Ritorno alla localizzazione?

Non è escluso che, se le dinamiche attuali dovessero continuare, si possa innescare un fenomeno di localizzazione (in pratica l’inverso della globalizzazione), con una crescente parte del debito nazionale sottoscritto da investitori domestici. A questo riguardo l’Italia, con una elevata componente di risparmio netto in mano ai privati, potrebbe essere posizionata meno peggio di altri Paesi sempreché non si inneschino dinamiche di fuga di capitali verso i paesi sicuri (sempre in diminuzione) dell’eurozona o al di fuori dell’area della moneta unica.

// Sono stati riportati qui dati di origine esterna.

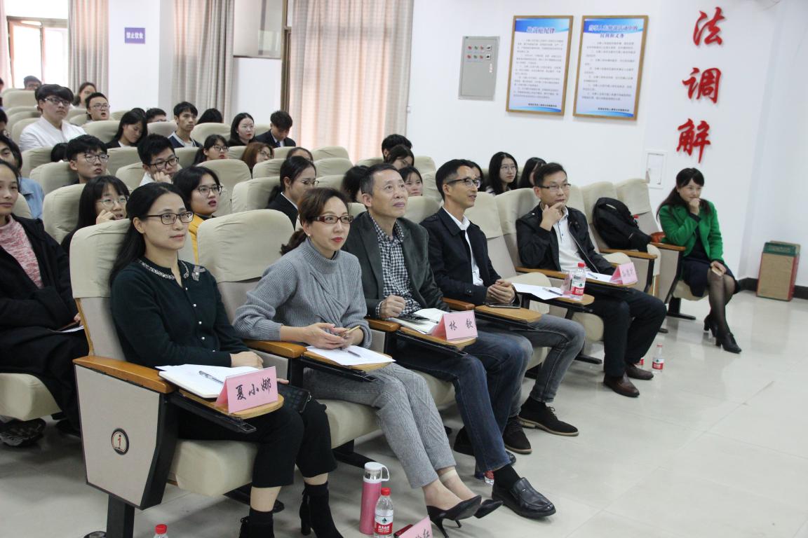 2018年11月14日下午,温州大学法政学院第十一届特色班级暨学习标兵评选大会在模拟法庭隆重举行,全院师生代表齐聚一堂共同学习交流班级和学风建设。担任本次评选大会的评委有法政学院党总支书记林钦老师、党总支副书记严玲红老师、溯初学区住宿管理科科长项炳池老师、学院教学科科长夏小娜老师、法政学院学生科科长孙德升老师。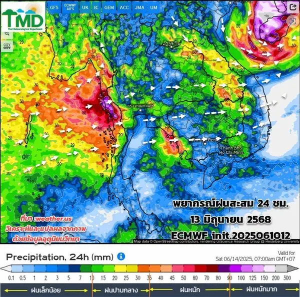 ในช่วงวันที่ 11 – 13 มิ.ย. พายุดีเปรสชันบริเวณทะเลจีนใต้ตอนบนมีแนวโน้มทวีกำลังแรงขึ้นเป็นพายุหมุนเขตร้อน โดยศูนย์กลางของพายุลูกนี้จะไม่เคลื่อนเข้าสู่ประเทศไทย แต่อาจทำให้มรสุมตะวันตกเฉียงใต้ที่พัดปกคลุมประเทศไทยมีกำลังแรงขึ้น ทำให้บริเวณด้านตะวันออกของภาคตะวันออกเฉียงเหนือมีฝนเพิ่มขึ้นและมีฝนตกหนักบางแห่ง และคลื่นลมในทะเลอันดามันและอ่าวไทยจะมีกำลังแรงขึ้น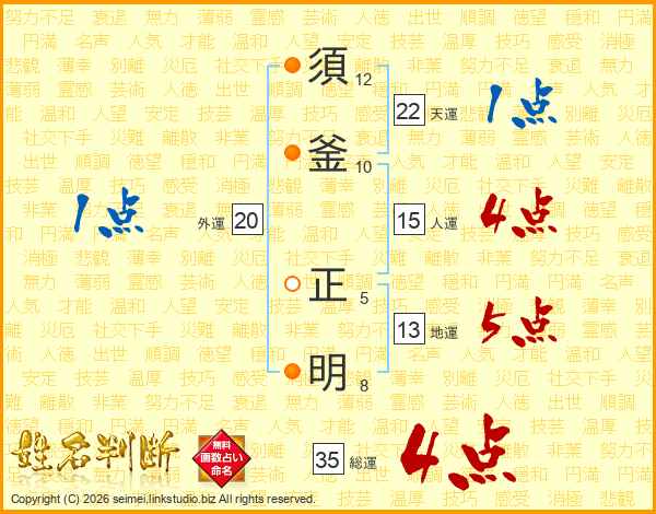 須釜正明さんの天運は22画の1点!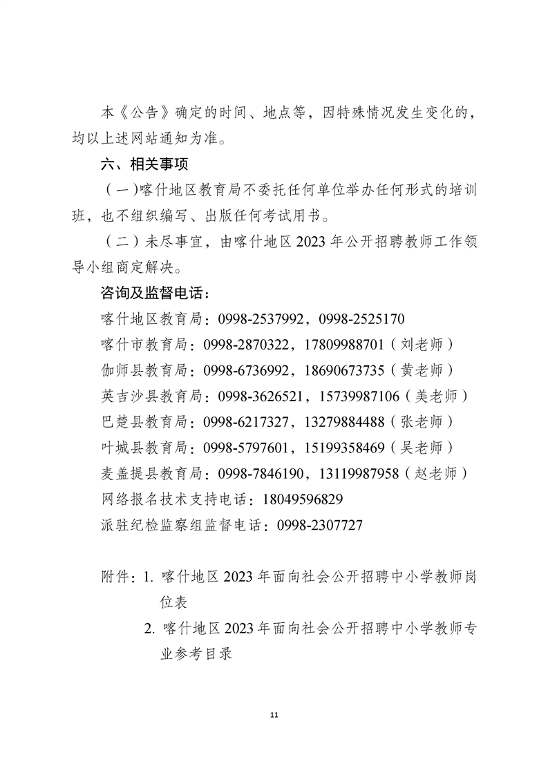 附件1 喀什地區(qū)2023年面向社會公開招聘中小學(xué)教師招聘崗位表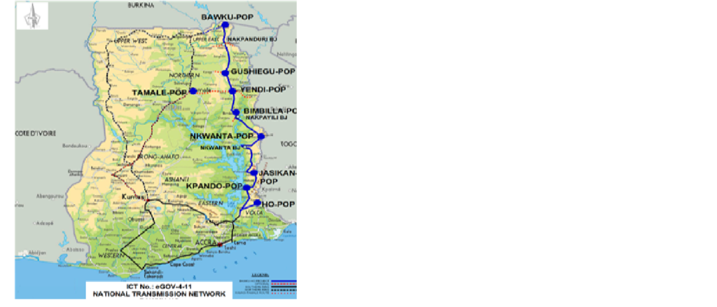 - About 1000km of Rural Fiber Network from Accra to Bawku which connects six regions in the country; namely: Greater Accra, Volta, Oti, Northern, North East and Upper East regions. This provides the internet and voice call needs of millions of Ghanaians and thousands of businesses along that route. Furthermore, at no additional cost to the State, this fiber network was also extended to the University of Health and Allied Sciences (UHAS) to facilitate research, teaching and learning.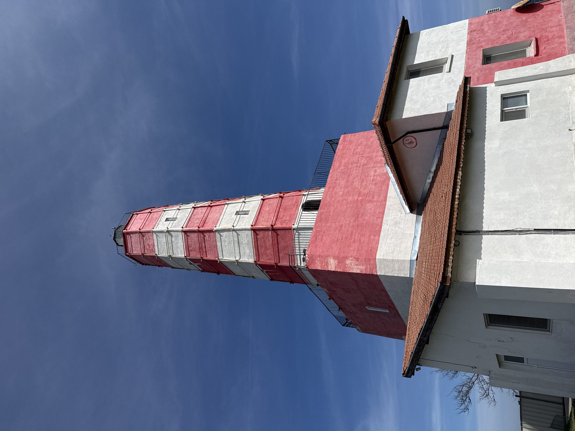The image displays the Shabla Lighthouse, located in Shabla, Bulgaria, under a bright blue sky with minimal high cirrus clouds. The central feature is a tall, tapering lighthouse tower, characterized by alternating horizontal bands of red and white paint, each band approximately uniform in height. Small, rectangular, multi-pane windows are visible along the tower. At its apex, a dark lantern room is present, surrounded by a black metal railing defining an observation platform directly beneath it. The tower ascends from a broader, multi-sided base section, which is predominantly red and also features a black metal railing delineating a lower platform. Adjoined to this base are several single-story ancillary buildings, primarily white with sections painted red, all featuring red-tiled hip roofs. These buildings are equipped with rectangular windows, some containing internal blinds. A red circular emblem, resembling a bicycle symbol, is visible on a white wall section of one attached structure. Minor cracking is visible on the white exterior walls of the ancillary buildings. Patches of green ground cover and a light-colored corrugated metal fence are present in the lower left foreground, alongside a portion of a bare tree. No people are visible.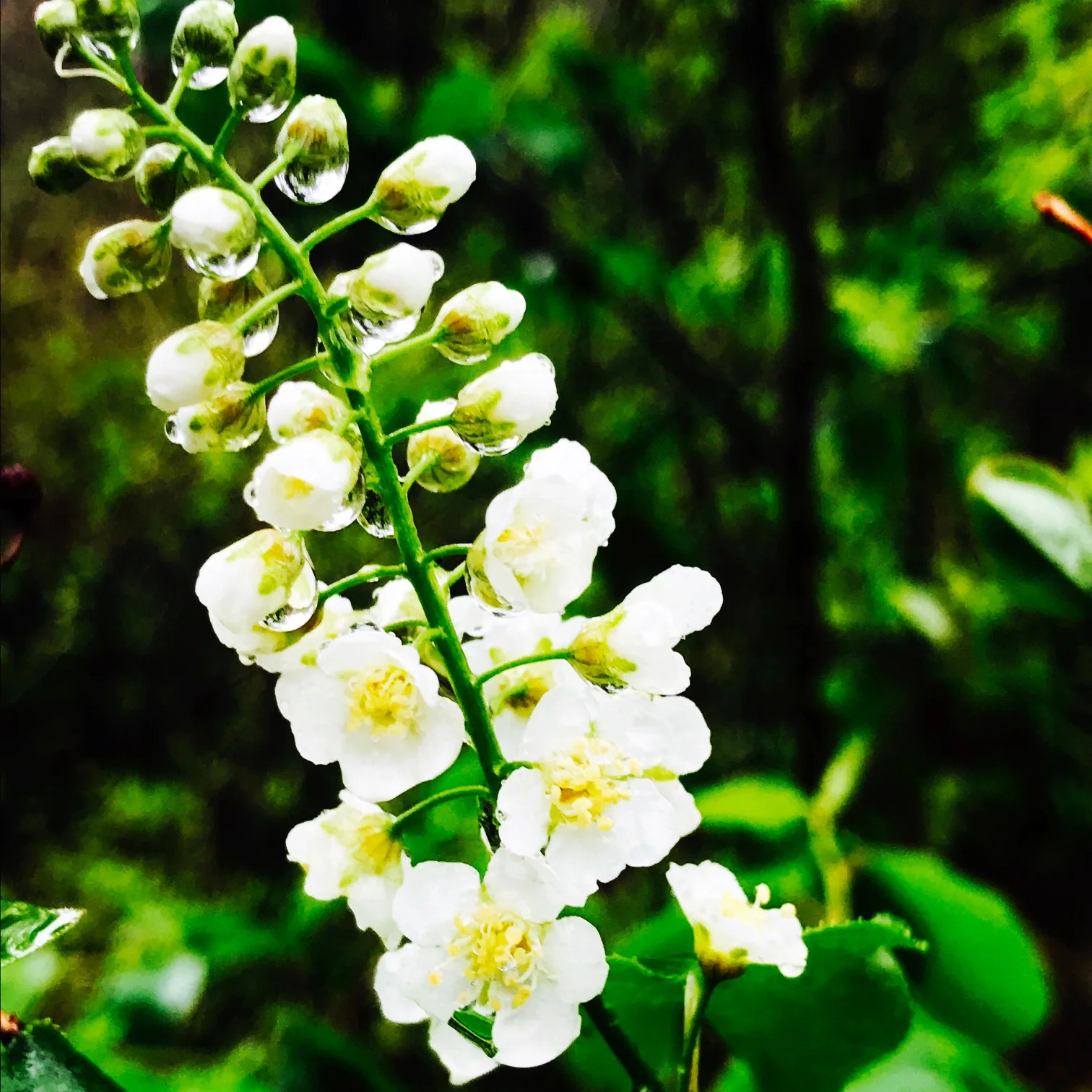 Sunday Sanctuary: Today is Mother's Day, a rainy cold one. But, my early walk begins with this brand new delight - a branch of white blossoms by the side of the trail. I don't know this plant's name. After returning home, I search my "Wildflowers of New England Guide," but there are so many white blooming wild flowers in May.

Cosa fare con i titoli italiani?

In questo contesto tutt’altro che semplice, come si devono comportare gli investitori su BoT e BTp? Partendo dall’ovvia considerazione che adesso il profilo di rischio dei titoli di Stato va generalmente considerato più elevato rispetto a pochi mesi fa, il concetto di diversificazione, cioè di non mettere tutti i propri risparmi in un’unica tipologia di investimenti, diventa fondamentale. Fatta questa doverosa premessa, è indubbio che i rendimenti dei titoli di Stato rappresentano un’opportunità se le autorità italiane ed europee daranno prova di maggiore consapevolezza e capacità di gestire la crisi di fiducia attualmente in atto. C’è da sperare che nei prossimi mesi i mercati adottino un atteggiamento meno negativo nei confronti del nostro Paese, se non altro perché alla guida del nuovo Governo c’è Mario Monti che per formazione ed esperienze professionali dovrebbe, nel bene e nel male, parlare la stessa "lingua" degli operatori finanziari. Ma potrebbe non bastare.

Aste e rendimenti

Gli investitori italiani che però confidano in un’uscita positiva dell’Italia dall’attuale fase di crisi potrebbero sfruttare gli allettanti rendimenti dei titoli di Stato e contribuire in maniera concreta al rifinanziamento del debito con la partecipazione alle aste attraverso le quali il Tesoro mette a disposizione obbligazioni con scadenze e caratteristiche diverse. I rendimenti ricavabili vanno dal 5% dei BoT a tre mesi al 7,50% del BTp trentennale. Ovviamente, anche i prezzi di sottoscrizione variano in maniera significativa (si veda tabella in pagina). I titoli a breve scadenza vengono assegnati in asta a prezzi relativamente vicini al valore di rimborso di 100, mentre quelli a più lunga scadenza si possono sottoscrivere a valori significativamente inferiori cogliendo forse alcune opportunità (si veda intervista sotto).

Primario o secondario?

Se arrivato a questo punto della lettura la scelta dovesse cadere ancora sui BTp allora potrebbe essere più conveniente acquistarli in asta (sul come fare si veda articolo a pagina 6) e non sul mercato secondario (quello cioè delle emissioni già in circolazione). Un motivo potrebbe essere proprio dovuto dalla scarsa partecipazione degli investitori internazionali. Per i risparmiatori, quindi, che ritengono interessante acquistare BTp in asta tutto ciò può consentire in un certo senso un doppio vantaggio; quello "pratico" di ottenere rendimenti più elevati per il proprio investimento e quello "patriottico" di aver contribuito direttamente al rifinanziamento del debito nazionale. Per tutti gli altri, invece, il "solito" Bund tedesco rappresenta un porto sicuro.